I thought that adjusting the frequency band could be possible and that could be done here locally.


----------



## muffinsda (13 Jun 2007)

you'll probably need one of these:
[broken link removed]

Would you be able to do me a favour and tell me more about the GPS/TV unit that comes with the car?
Does the TV work here, or is it only NTSC?
Does the GPS work here? Is it possible to buy maps for it here?
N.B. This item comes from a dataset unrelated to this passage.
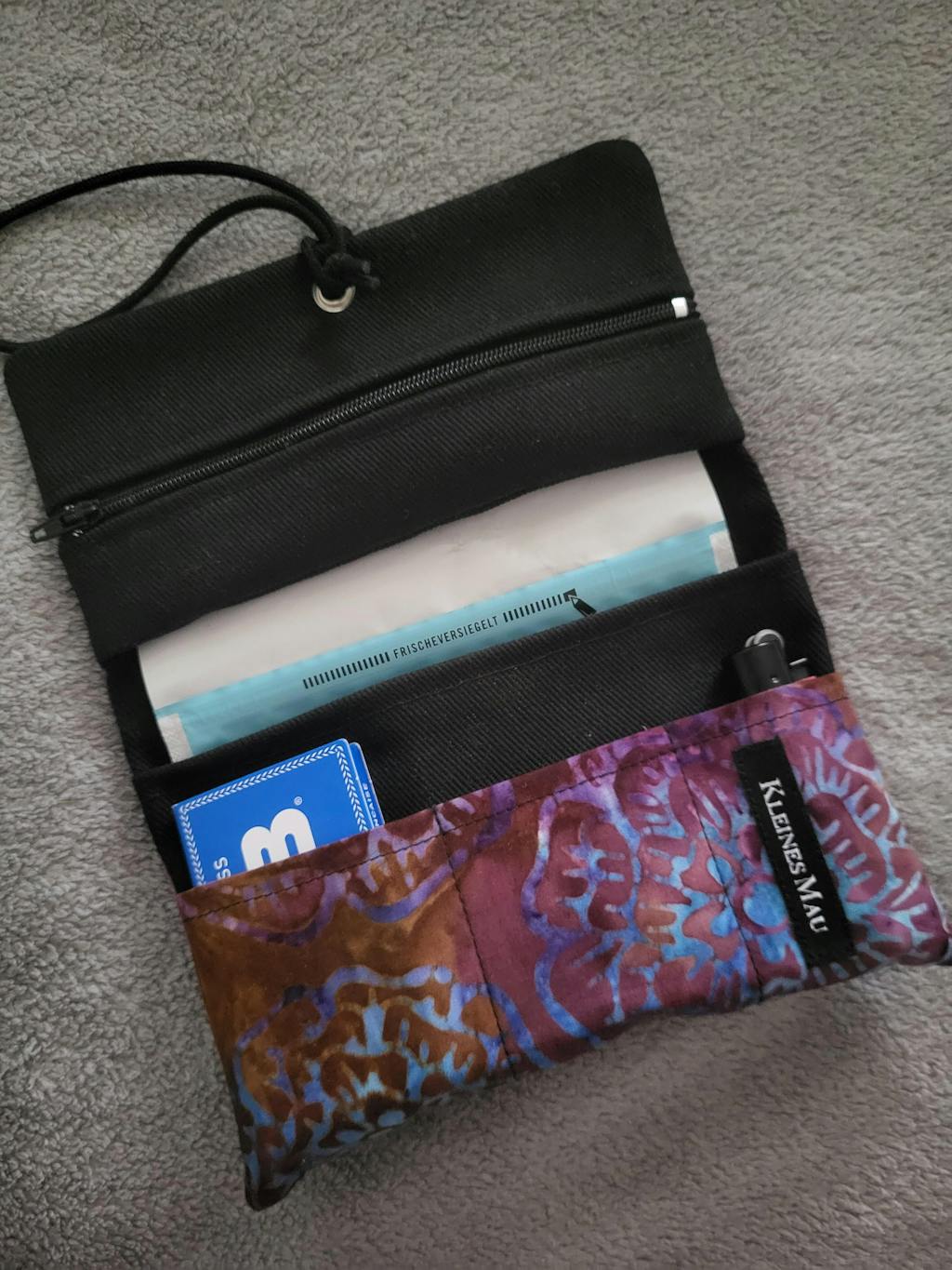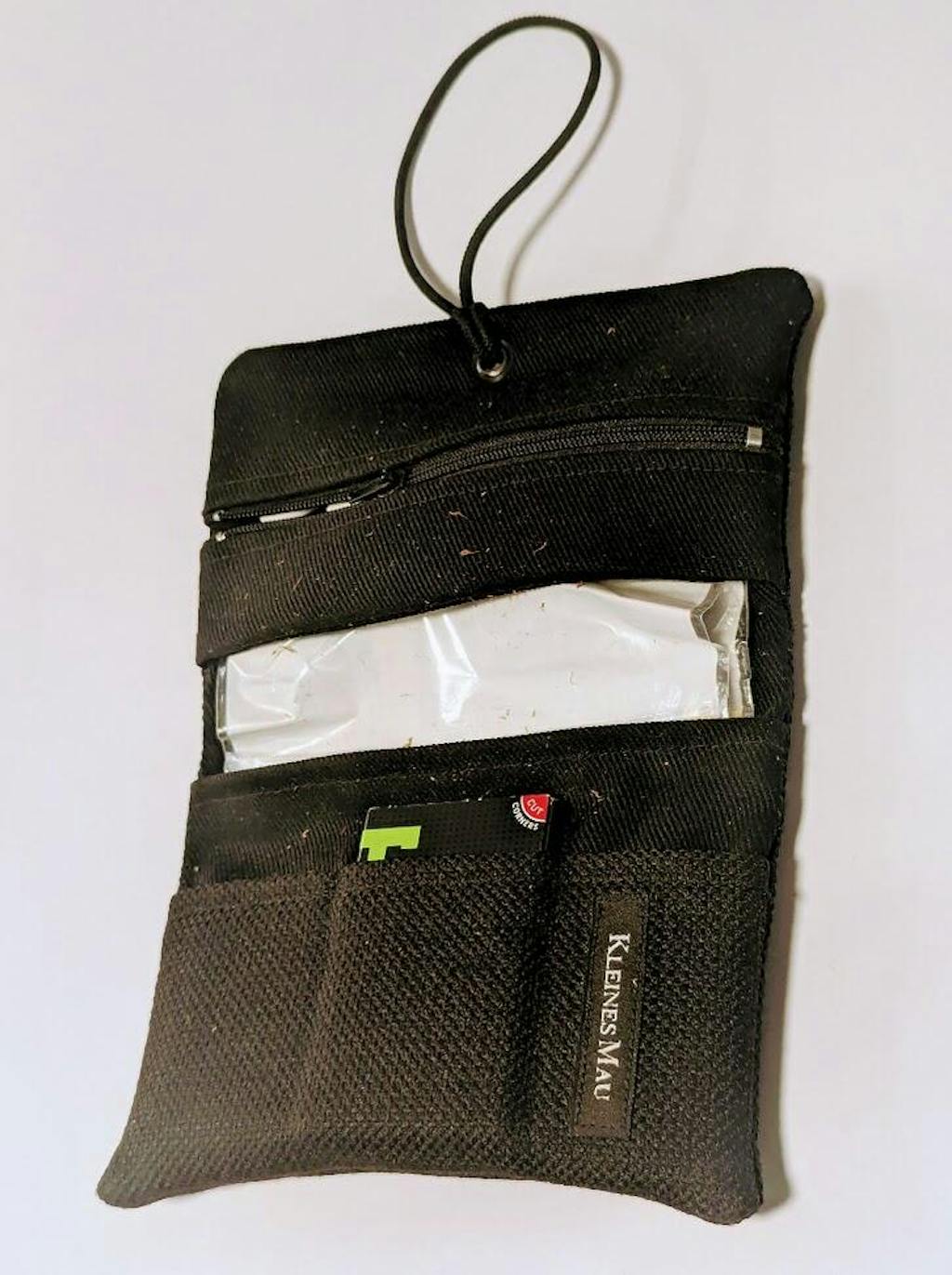 Sehr gut verarbeitete Tabaktasche mit Platz für Papier und Feuerzeug und eine mit einem Reißverschluss versehene Tasche für die Filter. Ebenso hat mir das Paket mit der Danke Schön Karte den Tag versüßt :)

Does it have an english user interface?
And what about the rest of the car, is everything in Japanese?

Ta.


----------



## root (13 Jun 2007)

Thanks for the quick response, this looks more likely to be a good idea.
The GPS came with a CD but I don't know if he used it yet, not sure if TV works here, I'll ask.


----------



## muffinsda (13 Jun 2007)

root said:


> Thanks for the quick response, this looks more likely to be a good idea.
> The GPS came with a CD but I don't know if he used it yet, not sure if TV works here, I'll ask.



thanks. any info would be greately appreciated.


----------



## Japnuts (15 Jun 2007)

muffinsda said:


> you'll probably need one of these:
> [broken link removed]
> 
> Would you be able to do me a favour and tell me more about the GPS/TV unit that comes with the car?
> ...



You should be able to have a band expander fitted by most reputable in-car audio suppliers for around € 40 - 60. Unfortunately most of the modern combination Radio/cd/tv/gps units fitted by the manufacturer cannot be modified in this fashion.

The TV in Japan uses a different band too, so most will not pick up Irish TV stations, having said that I have seen some vehicles picking up a picture from TV3 or TNG but no sound.

Most manufacturer fitted sat nav systems in Japanese imports will not work here. The Japanese use the Naviken GPS system which is different to the GPS system in Europe. Some aftermarket GPS systems can be re-programmed but this is the exception rather than the rule.

In general, with an older Japanese import with an ordinary cd/radio system the simplest and cheapest thing to do is fit a band expander. If you are looking at newer or high end vehicles with manufacturer fitted Radio/CD/DVD/GPS units, it is best to leave these units in place, and fit an aftermarket system to provide the functions you need.


----------